• **What is needed**
Transcribe all of the records word for word, but omit the pictures.

• **Given records**
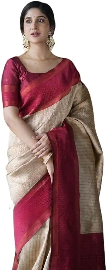 Womens Soft Lichi Silk Printed Saree With Unstitched Blouse Cream
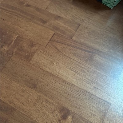 A: Hi Ari, This table is made from hardwood with a cherry finish. It’s designed for long-lasting durability and has the same appearance and sturdiness as solid wood. The table also comes with a 5-year warranty when registered. Thanks so much for bringing this to our attention — we really appreciate it!
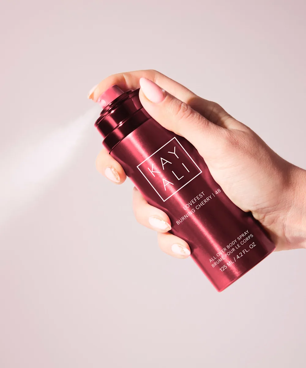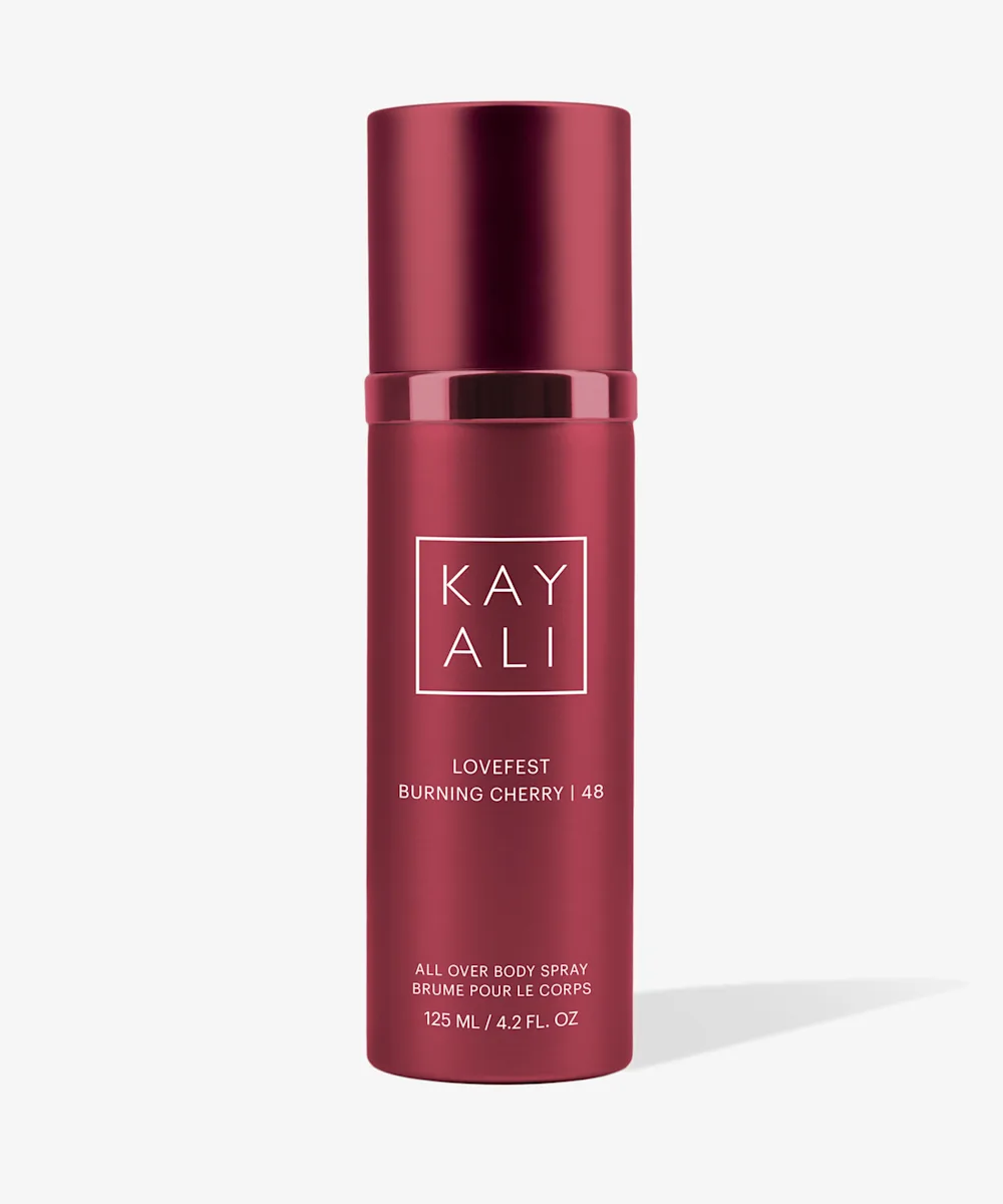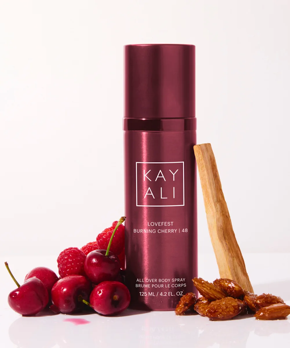 Sptritz on something delicious with the limited-edition KAYALI Lovefest Burning Cherry | 48 All Over Body Spray. It's a soft twist on the original sultry eau de parfum, wrapping you in a continuous, irresistible mist. Perfect for mornings, post-workouts, or evenings out, this versatile spray uplifts your senses anytime, anywhere. Celebrate your free spirit with this luscious, woody gourmand fragrance featuring burning cherry at its heart, juicy raspberry, and sparkling Italian bergamot. Floral notes of rose damascena, jasmine sambac, and heliotrope blend with sweet praline for a decadent touch, while smoky palo santo, guaiac wood, and ambery Peru balsam create a warm, sensual finish.
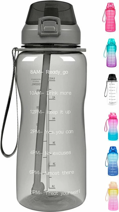 Wil jij ook gehydrateerd en gezond bezig blijven maar vind je het moeilijk om dit op peil te houden? Dan ben ik ideale fles voor jou! Met de motivatie waterfles blijf je gemotiveerd om te drinken en kan je precies bijhouden op welk tijdstip, je welk niveau bereikt moet hebben. De fles bevat een capaciteit van 2 liter, waardoor jij genoeg vocht binnenkrijgt gedurende dag. Deze fles maakt het voor jou een stuk makkelijker om jouw dagelijkse hoeveelheid vocht binnen te krijgen. Hierdoor zal je eveneens meer energie hebben gedurende de dag. Door de unieke look van de fles zijn wij ook uiterst geschikt om mee te nemen naar de fitness, werk of andere gelegenheden.
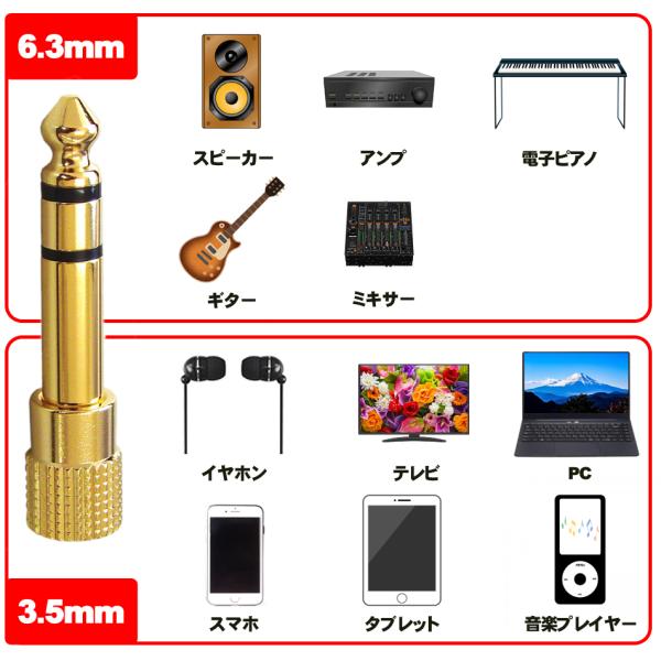 お手持ちのヘッドフォンの端子(プラグ)がMiniステレオで、電子楽器(電子ピアノ、電子ドラムやエレクトーンなど)やアンプ(アンプ、ベースアンプやギターアンプ)のジャックが標準(フォーン)ステレオジャックの場合に便利です。
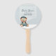 Considere este encantador conjunto de fãs chás de fraldas como parte de suas festividades. A frente e a parte traseira apresentam o evento especial junto com o nome da futura mãe. Cor azul suave, branca e bronzeada para um apelo relaxado e divertido. Parte da coleção Bear Jean Baby design. Use a modelo para personalizar.
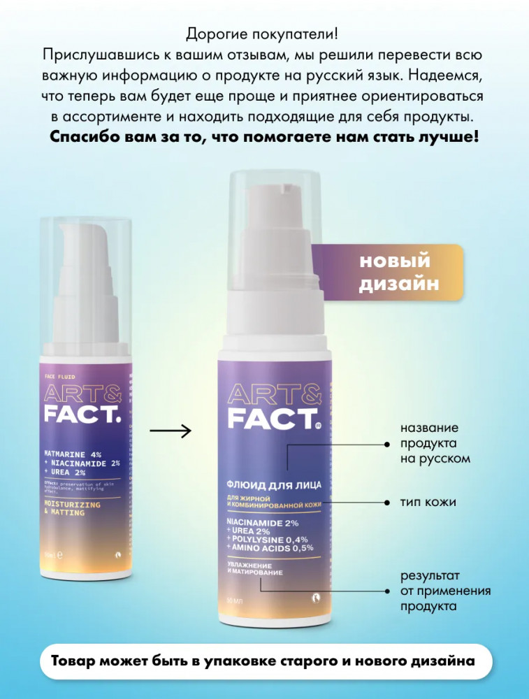 Art&Fact Флюид для жирной кожи лица матирующий и увлажняющий с ниацинамидом 2%, мочевиной 2%, полилизином 0.4% и комплексом аминокислот 0.5%
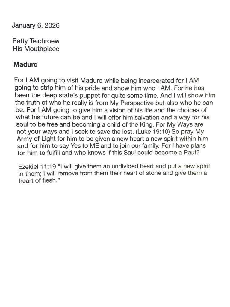 The situation of the leader of Venezuela is apropos. Thus I returned the evil which he committed against Me and the people of Venezuela. I make all the evil return on the head of those committing it. Upon them lands a curse. It’s the law of sowing and reaping.
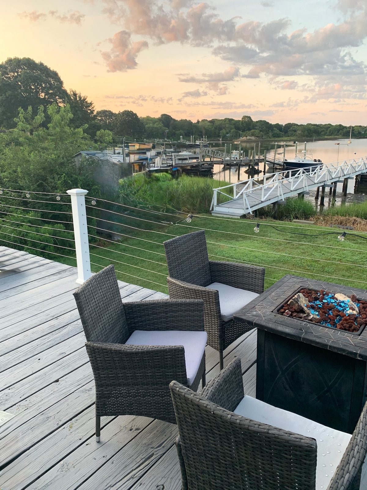 Welcome to our waterfront retreat, a perfect place to create lasting memories on the shores of the Sakonnet River. From dinners on the deck to sunset soaks in the hot tub, this home is a place to slow down and enjoy life on the water. The fixed dock allows guests to truly access the water: swim, paddleboard, kayak, grab a fishing rod, or bring your own boat, all provided. When the sun is setting, it's time to jump in the 6-person hot tub while you watch the boats cruising by.
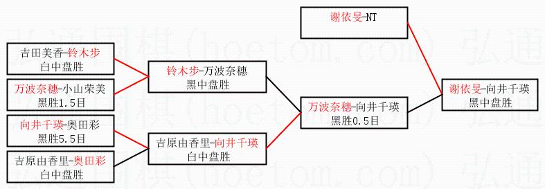 1.谢依旻获得冠军,向井千瑛获得亚军。决赛比分:谢依旻2:1向井千瑛。棋局:

• **Response to this exercise**
 Womens Soft Lichi Silk Printed Saree With Unstitched Blouse Cream
 A: Hi Ari, This table is made from hardwood with a cherry finish. It’s designed for long-lasting durability and has the same appearance and sturdiness as solid wood. The table also comes with a 5-year warranty when registered. Thanks so much for bringing this to our attention — we really appreciate it!
 Sptritz on something delicious with the limited-edition KAYALI Lovefest Burning Cherry | 48 All Over Body Spray. It's a soft twist on the original sultry eau de parfum, wrapping you in a continuous, irresistible mist. Perfect for mornings, post-workouts, or evenings out, this versatile spray uplifts your senses anytime, anywhere. Celebrate your free spirit with this luscious, woody gourmand fragrance featuring burning cherry at its heart, juicy raspberry, and sparkling Italian bergamot. Floral notes of rose damascena, jasmine sambac, and heliotrope blend with sweet praline for a decadent touch, while smoky palo santo, guaiac wood, and ambery Peru balsam create a warm, sensual finish.
 Wil jij ook gehydrateerd en gezond bezig blijven maar vind je het moeilijk om dit op peil te houden? Dan ben ik ideale fles voor jou! Met de motivatie waterfles blijf je gemotiveerd om te drinken en kan je precies bijhouden op welk tijdstip, je welk niveau bereikt moet hebben. De fles bevat een capaciteit van 2 liter, waardoor jij genoeg vocht binnenkrijgt gedurende dag. Deze fles maakt het voor jou een stuk makkelijker om jouw dagelijkse hoeveelheid vocht binnen te krijgen. Hierdoor zal je eveneens meer energie hebben gedurende de dag. Door de unieke look van de fles zijn wij ook uiterst geschikt om mee te nemen naar de fitness, werk of andere gelegenheden.
 お手持ちのヘッドフォンの端子(プラグ)がMiniステレオで、電子楽器(電子ピアノ、電子ドラムやエレクトーンなど)やアンプ(アンプ、ベースアンプやギターアンプ)のジャックが標準(フォーン)ステレオジャックの場合に便利です。
 Considere este encantador conjunto de fãs chás de fraldas como parte de suas festividades. A frente e a parte traseira apresentam o evento especial junto com o nome da futura mãe. Cor azul suave, branca e bronzeada para um apelo relaxado e divertido. Parte da coleção Bear Jean Baby design. Use a modelo para personalizar.
 Art&Fact Флюид для жирной кожи лица матирующий и увлажняющий с ниацинамидом 2%, мочевиной 2%, полилизином 0.4% и комплексом аминокислот 0.5%
 The situation of the leader of Venezuela is apropos. Thus I returned the evil which he committed against Me and the people of Venezuela. I make all the evil return on the head of those committing it. Upon them lands a curse. It’s the law of sowing and reaping.
 Welcome to our waterfront retreat, a perfect place to create lasting memories on the shores of the Sakonnet River. From dinners on the deck to sunset soaks in the hot tub, this home is a place to slow down and enjoy life on the water. The fixed dock allows guests to truly access the water: swim, paddleboard, kayak, grab a fishing rod, or bring your own boat, all provided. When the sun is setting, it's time to jump in the 6-person hot tub while you watch the boats cruising by.
 1.谢依旻获得冠军,向井千瑛获得亚军。决赛比分:谢依旻2:1向井千瑛。棋局:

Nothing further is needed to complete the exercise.